Information shown below:
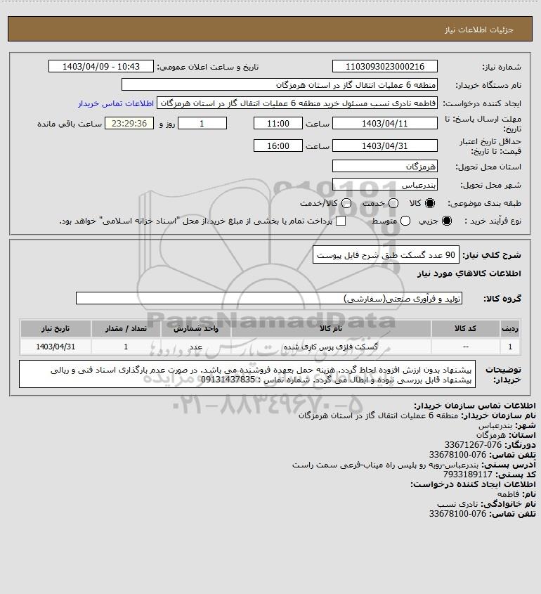 شرح کلی نیاز: 90 عدد گسکت طبق شرح فایل پیوست
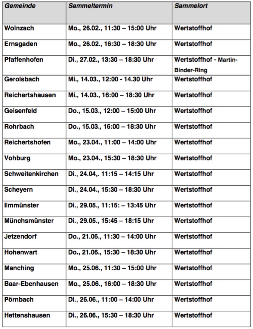 Alle wichtigen Infos und Daten zu den speziellen Abgabe-Möglichkeiten im Kreis Pfaffenhofen.
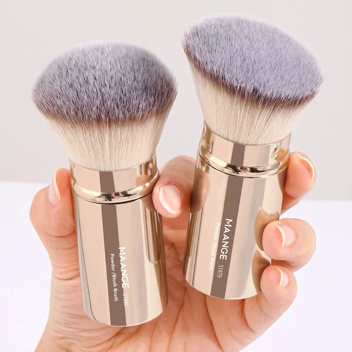 2PCS Retractable Kabuki Makeup Brush Set – Flat & Angled for Foundation, Blush, Bronzer
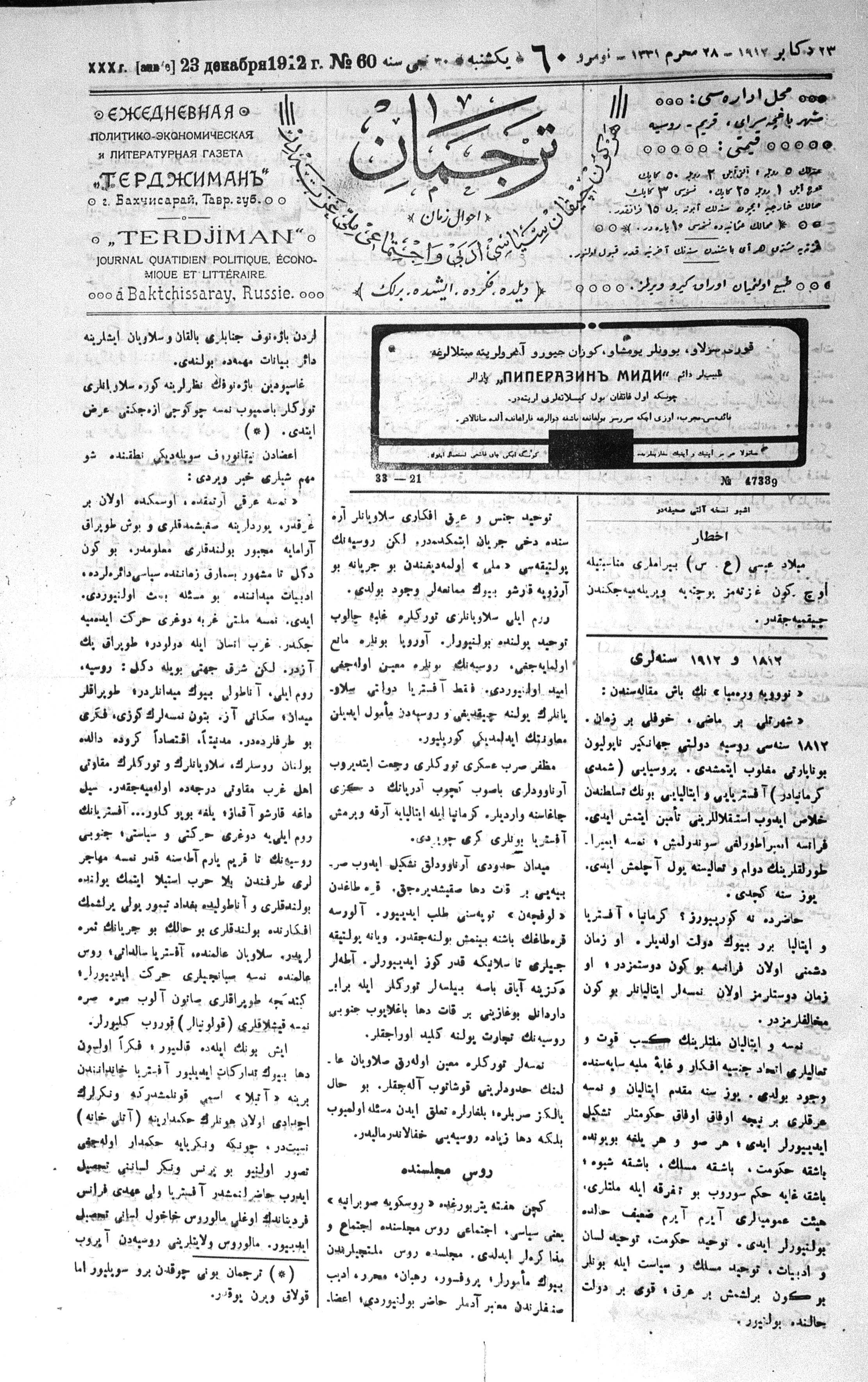 Tercüman, 23 December 1912 Year 30 No 60
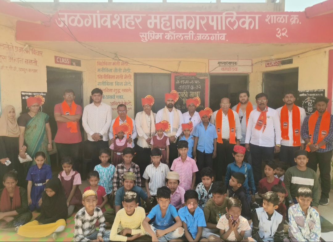 जळगाव | प्रतिनिधी : मराठी राजभाषा गौरव दिनानिमित्त महाराष्ट्र नवनिर्माण सेनाच्या वतीने जळगाव महानगरपालिका संचालित मराठी मुलांची शाळा क्रमांक ३२ येथे विशेष आणि स्तुत्य उपक्रमाचे आयोजन करण्यात आले. पक्षप्रमुख राज ठाकरे यांच्या आदेशानुसार मराठी भाषेचा अभिमान आणि प्रसार करण्याच्या उद्देशाने शिक्षक व विद्यार्थ्यांचे पारंपरिक पद्धतीने स्वागत करण्यात आले.
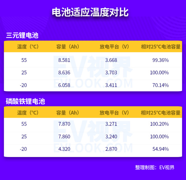 低温性能:磷酸铁锂<三元锂
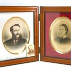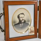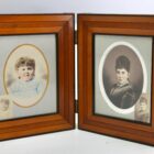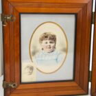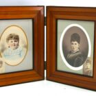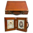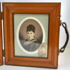 Antique large wooden double folding picture frame for traveling 1870s
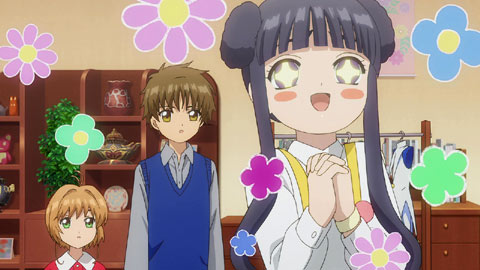 Tomoyo invites Syaoran to take measures for a costume she is designing for him. Afterwards, Sakura and Tomoyo are invited by Akiho to pay a visit on the next Sunday to her new house, which by coincidence is the same mansion where Eriol lived during his stay in Tomoeda. Sakura then invites Syaoran to come with them, but he tells her that he has another appointment, and they agree to have a date in the following Sunday.
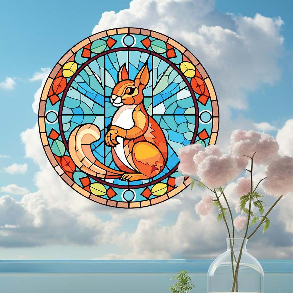 Yiyao JD3309 기하학적 귀여운 다람쥐 유리 스티커 쇼핑몰 유리 도어 및 창 장식 접착제가없는 정전기 스티커
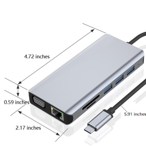 11-in-1 HDMI Adapter: With HDMI+VGA+USB3.0*4+audio3.5+SD/TF+PD+RJ45 100Mbps.These ports can work simultaneously. Designed for devices with Type-C ports that support video and audio output modes. This USB C docking station allows to extend your USB C laptops to different monitors, and supports full HD 4K video using HDMI port.This solves the user’s perfect display device connection scheme, and the PD, data and other functional applications.Customize them with your brand name engraved in them. Made from aluminum alloy material, measuring 4.72 * 2.17* 0.59 inches, this custom 11 in 1 laptop docking station type c hub adapte. Usage Scenarios: Office supplies, school stationery, corporate promotions, trade show giveaways. Tailored branding: Supports logo imprint and design personalization. Product Highlights: Portable, durable, practical for daily use.
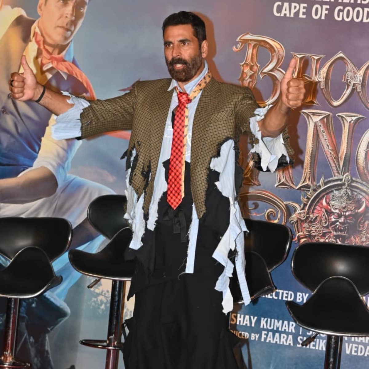 अक्षय ने कटी-फटी सी ब्राउन ब्लेजर के साथ चिथड़े उड़ी हुई व्हाइट शर्ट मैच की थी. वहीं इसके साथ एक्टर ने ढीली-ढाली फ्रिल्स वाली ब्लैक पैंट पहनी थी. अक्षय कुल मिलाकर अपनी फिल्म की कहानी जताते नजर आए. उनका लुक बिल्कुल वैसा है जैसे किसी फिल्म में हीरो पहले हाफ में कॉमेडियन हो और सेकंड हाफ में भूतों का बाप निकल जाए.
End of Information shown.
Repeat each line of the listing word for word, from the first through the line that contains "Tercüman, 23 December 1912 Year 30 No 60". Any picture stays out.

* _Exercise solution_:
 شرح کلی نیاز: 90 عدد گسکت طبق شرح فایل پیوست
 Alle wichtigen Infos und Daten zu den speziellen Abgabe-Möglichkeiten im Kreis Pfaffenhofen.
 2PCS Retractable Kabuki Makeup Brush Set – Flat & Angled for Foundation, Blush, Bronzer
 Tercüman, 23 December 1912 Year 30 No 60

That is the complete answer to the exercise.